Background. Cardiac rehabilitation is a component of heart failure (HF) management but its effect on ventricular arrhythmias is not well recognized.
Purpose. We analyzed the antiarrhythmic effect of a 9-week hybrid cardiac telerehabilitation (HCTR) and its influence on long term cardiovascular mortality in HF patients taken from the TELEREH-HF trial.

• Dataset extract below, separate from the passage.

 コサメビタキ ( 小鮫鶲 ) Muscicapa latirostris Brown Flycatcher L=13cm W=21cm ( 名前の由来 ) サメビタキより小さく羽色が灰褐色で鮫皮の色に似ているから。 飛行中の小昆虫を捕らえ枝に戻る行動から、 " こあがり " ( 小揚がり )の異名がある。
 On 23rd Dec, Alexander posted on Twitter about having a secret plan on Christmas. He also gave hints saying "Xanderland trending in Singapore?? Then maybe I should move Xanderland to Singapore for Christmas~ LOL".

Methods. We evaluated the presence of non-sustained ventricular tachycardia (nsVT) and frequent premature ventricular complexes ≥10 beats/hour (PVCs ≥10) with 24-hour ECG monitoring at the baseline and after 9-week HCTR or usual care (UC) of 773 HF patients (NYHA I-III, LVEF ≤ 40%).

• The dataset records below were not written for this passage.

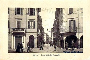 Keywords: A sinistra casa Cova (demolita per fare spazio al palazzo R.A.S., ing. Mario Loreti), al centro corso Vittorio Emanuele II (ora corso Matteotti) a destra la casa sostituita nel 1929 da palazzo Mascardi/Pini (ing. Camillo Lucchina). varese corsovittorioemanueleii piazzamontegrappa corsogiacomomatteotti piazzaporcari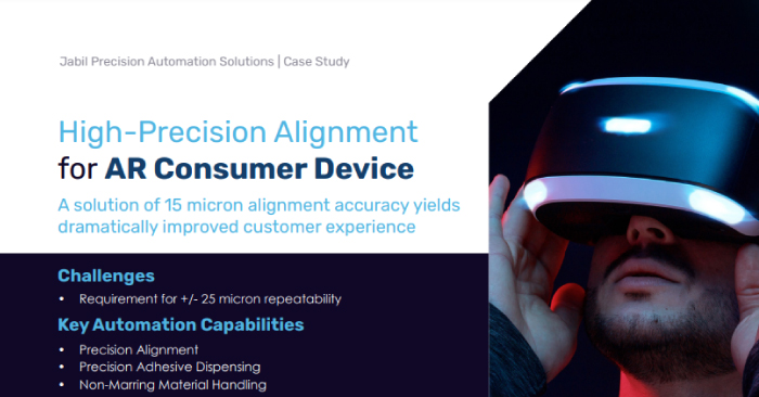 当谈到你的下一代产品,设计自动化装配(DFAA)提供真正的好处,如减少产品成本,增加适当的功能和可靠性。除了会议需要看似不可能的亚微米公差,捷普电子可以帮助您创建先进精密自动化作为端到端制造解决方案的一部分高生产力;减少周期时间;最小化停机时间;和不会过时的灵活性。
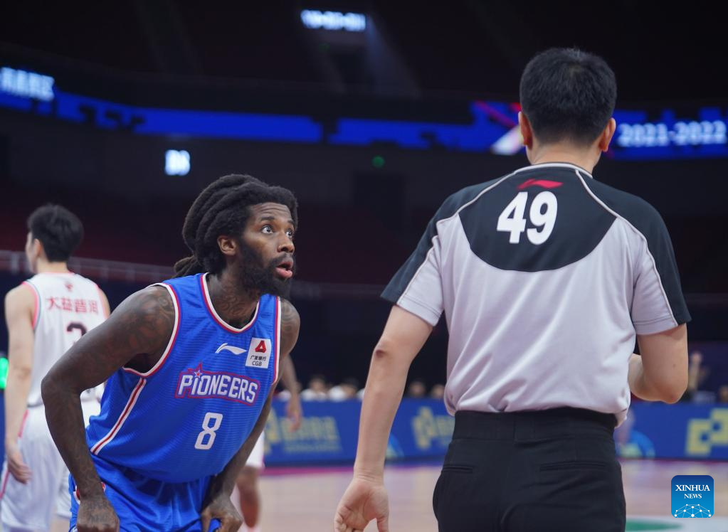 Kenny Boynton (L) of Tianjin Pioneers communicates with the referee during the 1st round playoff match between Guangdong Southern Tigers and Tianjin Pioneers at the 2021-2022 season of the Chinese Basketball Association (CBA) league in Nanchang, east China's Jiangxi Province, April 1, 2022. (Xinhua/Zhou Mi)

Results. Among 143 patients with nsVT, arrhythmia subsided in 30.8% after HCTR, similarly among 165 patients randomized to UC who had nsVT 34.5% did not show them after 9 weeks (p = 0.481). There was no significant difference in the decrease in PVC ≥10 over 9 weeks between randomization arms (14.9% vs. 17.8%, respectively p = 0.410). Functional response for HCTR (Δ peak oxygen consumption [pVO2] in cardiopulmonary exercise test >2.0 ml/kg/min) did not affect occurrence of arrhythmias. The multivariable analysis of the entire population did not identify HCTR as an independent factor determining improvement in terms of nsVT or PVCs >10. However, only in the HCTR group, the achievement of the antiarrhythmic effect significantly reduced the cardiovascular mortality in 2 years follow-up (Logrank p = 0.0009) (Figure).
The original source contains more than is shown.